=== Aim of the task ===
Each record, word for word and stripped of pictures, is what the answer should contain.

=== Data to examine ===
----
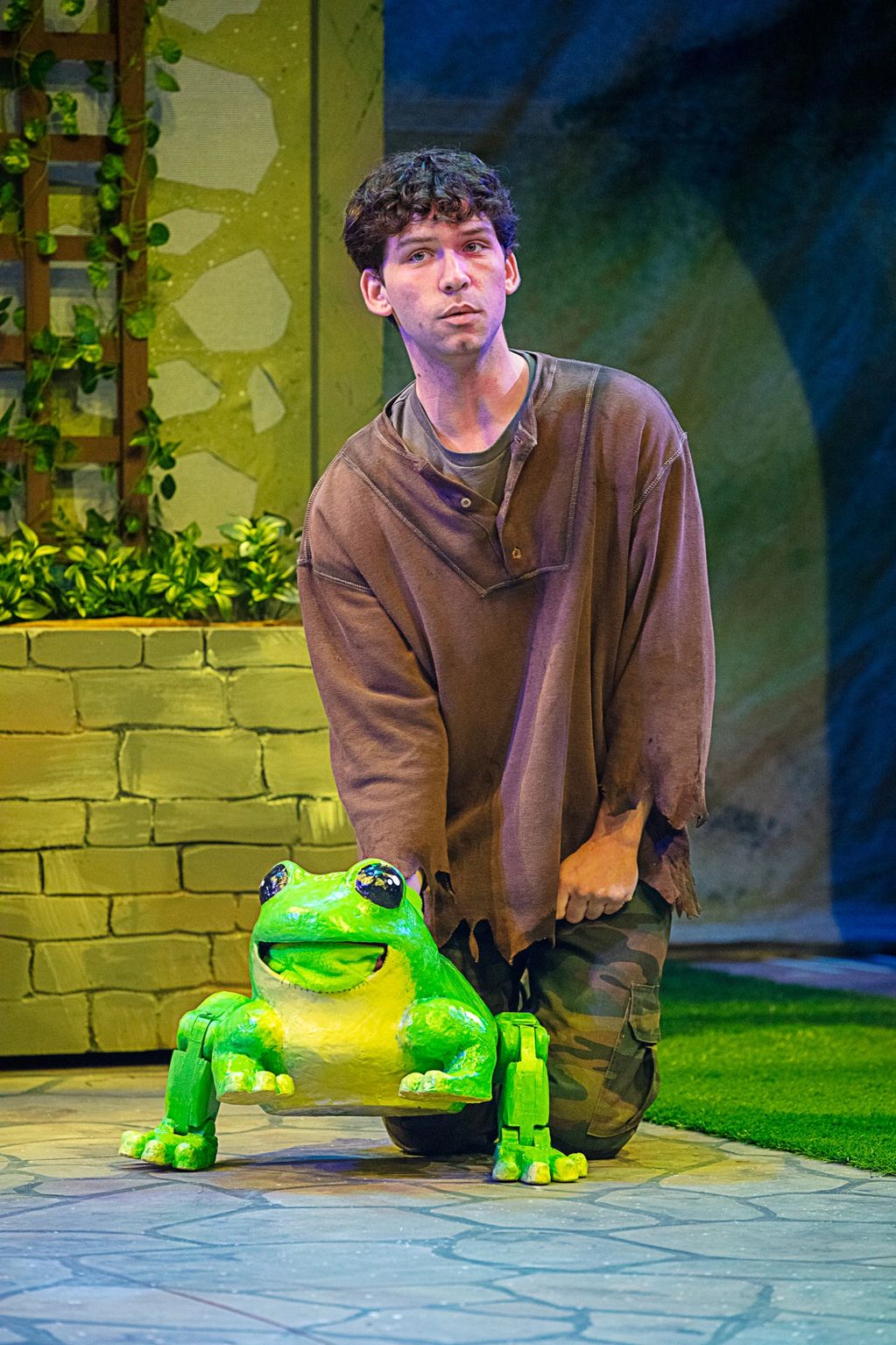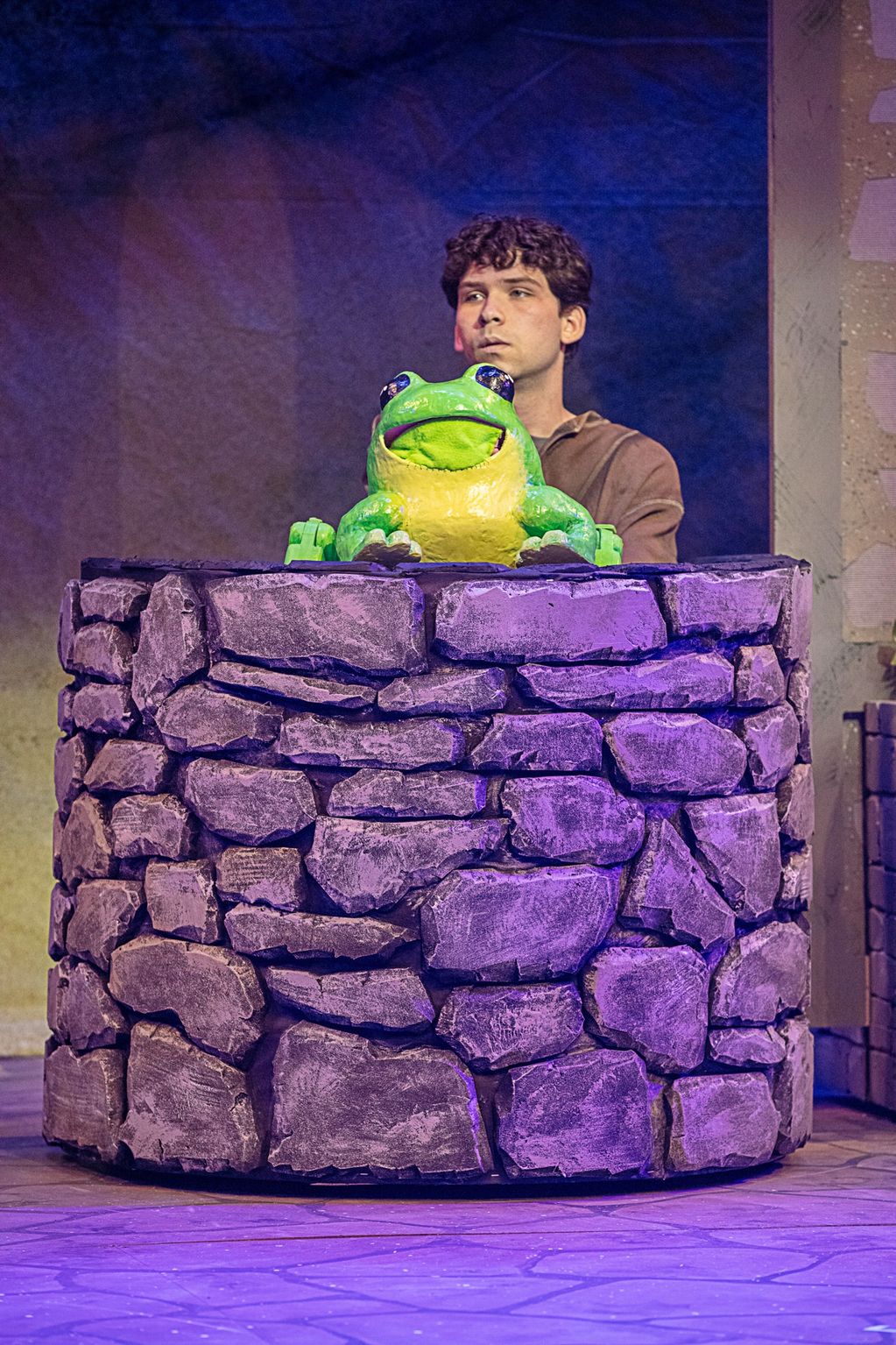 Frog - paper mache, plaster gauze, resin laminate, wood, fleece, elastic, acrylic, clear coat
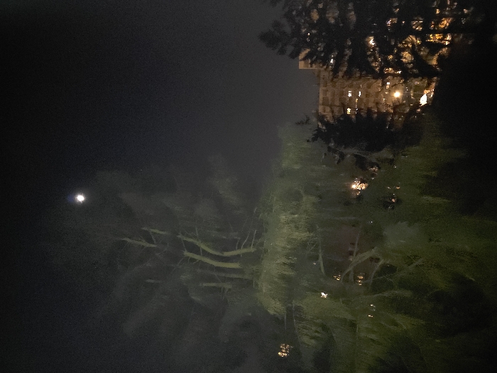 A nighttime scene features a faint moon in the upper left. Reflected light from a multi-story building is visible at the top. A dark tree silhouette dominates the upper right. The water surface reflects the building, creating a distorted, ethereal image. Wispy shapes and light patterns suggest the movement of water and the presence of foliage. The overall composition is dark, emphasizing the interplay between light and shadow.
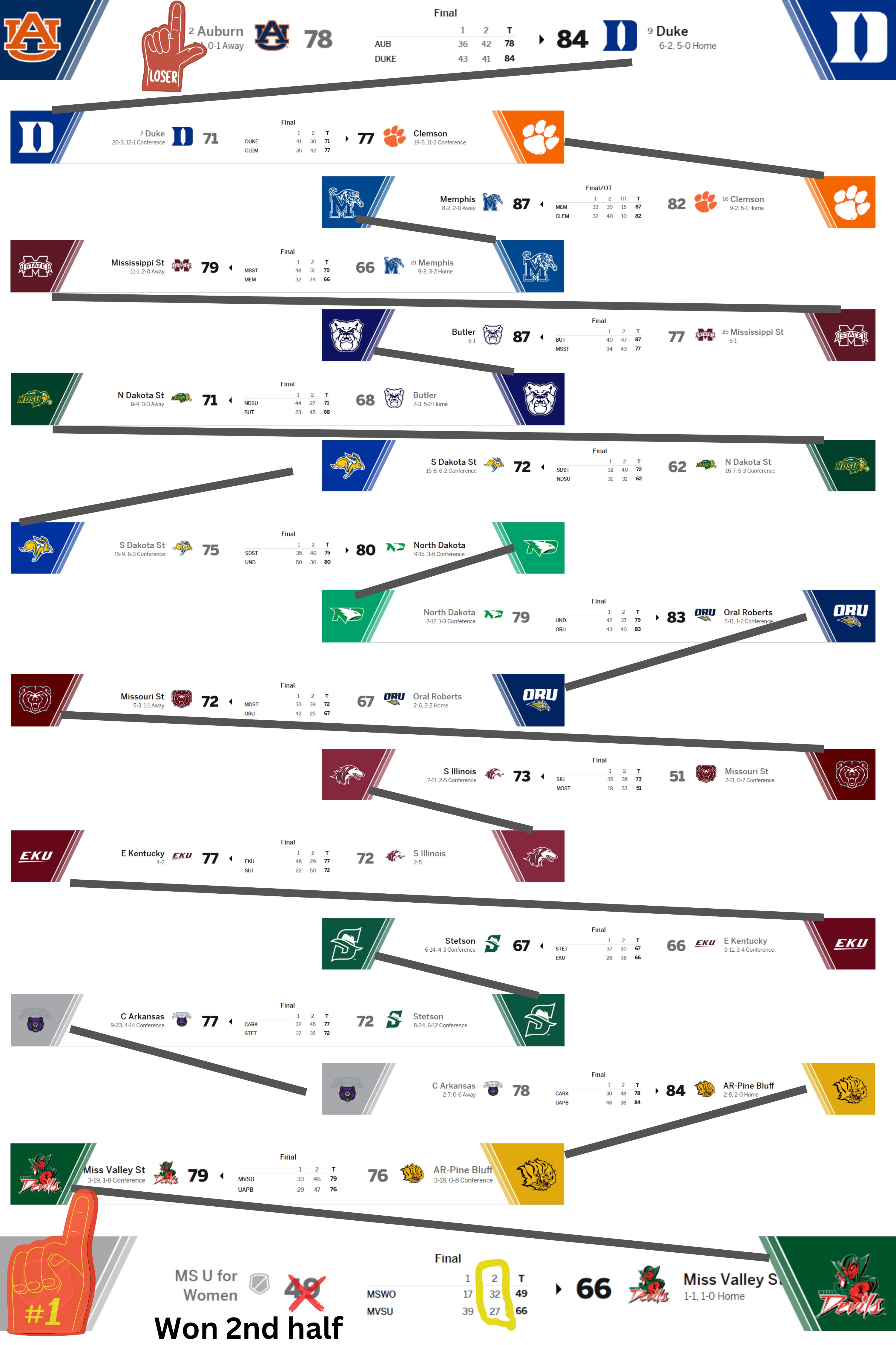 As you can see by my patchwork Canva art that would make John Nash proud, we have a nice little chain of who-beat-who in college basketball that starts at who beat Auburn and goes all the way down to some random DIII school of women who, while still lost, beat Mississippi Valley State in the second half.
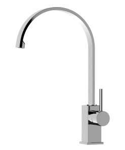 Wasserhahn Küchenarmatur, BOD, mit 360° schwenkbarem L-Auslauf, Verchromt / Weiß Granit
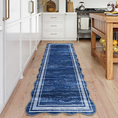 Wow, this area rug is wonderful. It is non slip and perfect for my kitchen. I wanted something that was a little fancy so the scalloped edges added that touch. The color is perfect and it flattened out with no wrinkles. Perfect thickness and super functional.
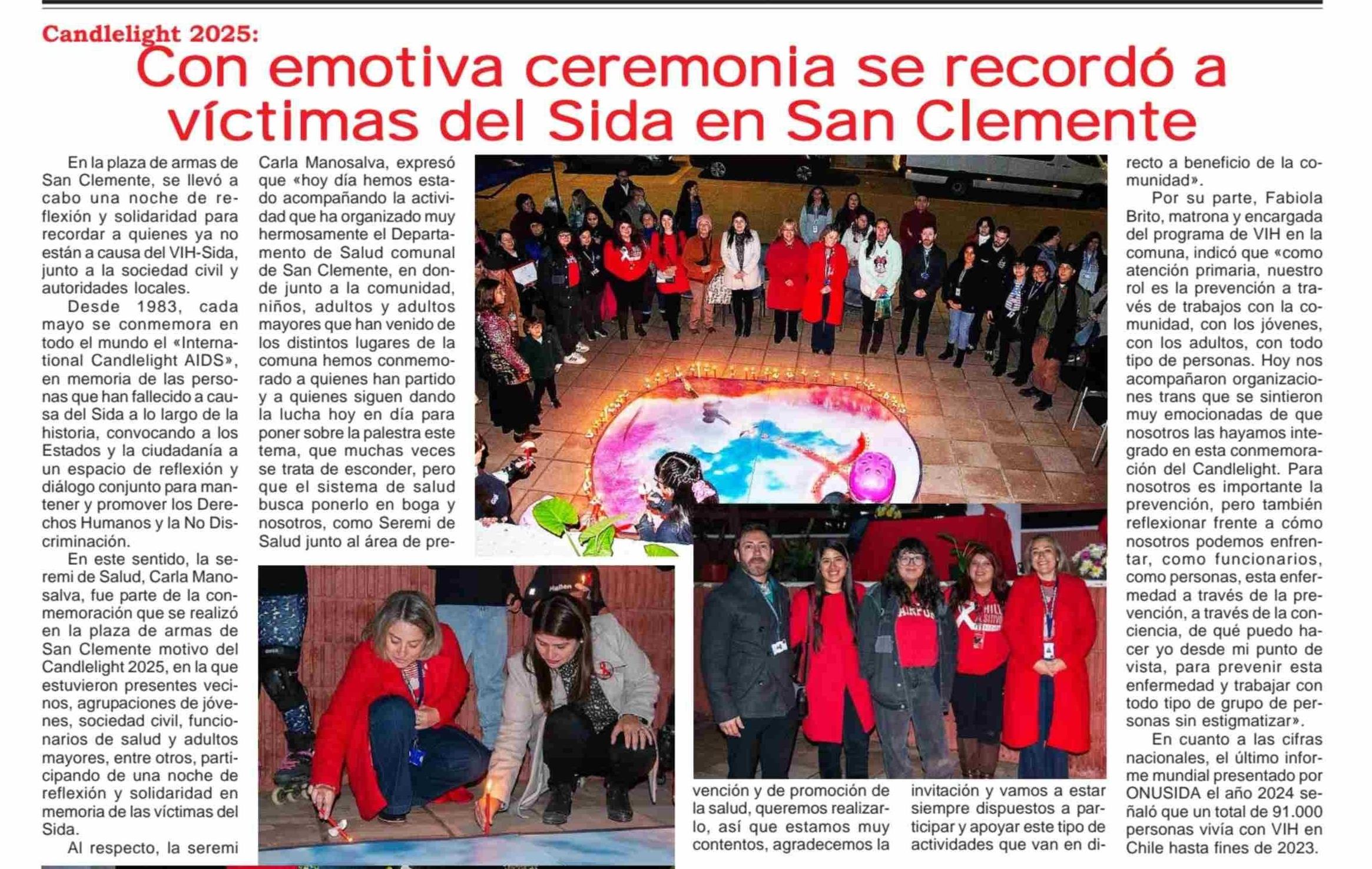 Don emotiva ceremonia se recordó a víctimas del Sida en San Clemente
----
=== Exercise result ===
 Frog - paper mache, plaster gauze, resin laminate, wood, fleece, elastic, acrylic, clear coat
 A nighttime scene features a faint moon in the upper left. Reflected light from a multi-story building is visible at the top. A dark tree silhouette dominates the upper right. The water surface reflects the building, creating a distorted, ethereal image. Wispy shapes and light patterns suggest the movement of water and the presence of foliage. The overall composition is dark, emphasizing the interplay between light and shadow.
 As you can see by my patchwork Canva art that would make John Nash proud, we have a nice little chain of who-beat-who in college basketball that starts at who beat Auburn and goes all the way down to some random DIII school of women who, while still lost, beat Mississippi Valley State in the second half.
 Wasserhahn Küchenarmatur, BOD, mit 360° schwenkbarem L-Auslauf, Verchromt / Weiß Granit
 Wow, this area rug is wonderful. It is non slip and perfect for my kitchen. I wanted something that was a little fancy so the scalloped edges added that touch. The color is perfect and it flattened out with no wrinkles. Perfect thickness and super functional.
 Don emotiva ceremonia se recordó a víctimas del Sida en San Clemente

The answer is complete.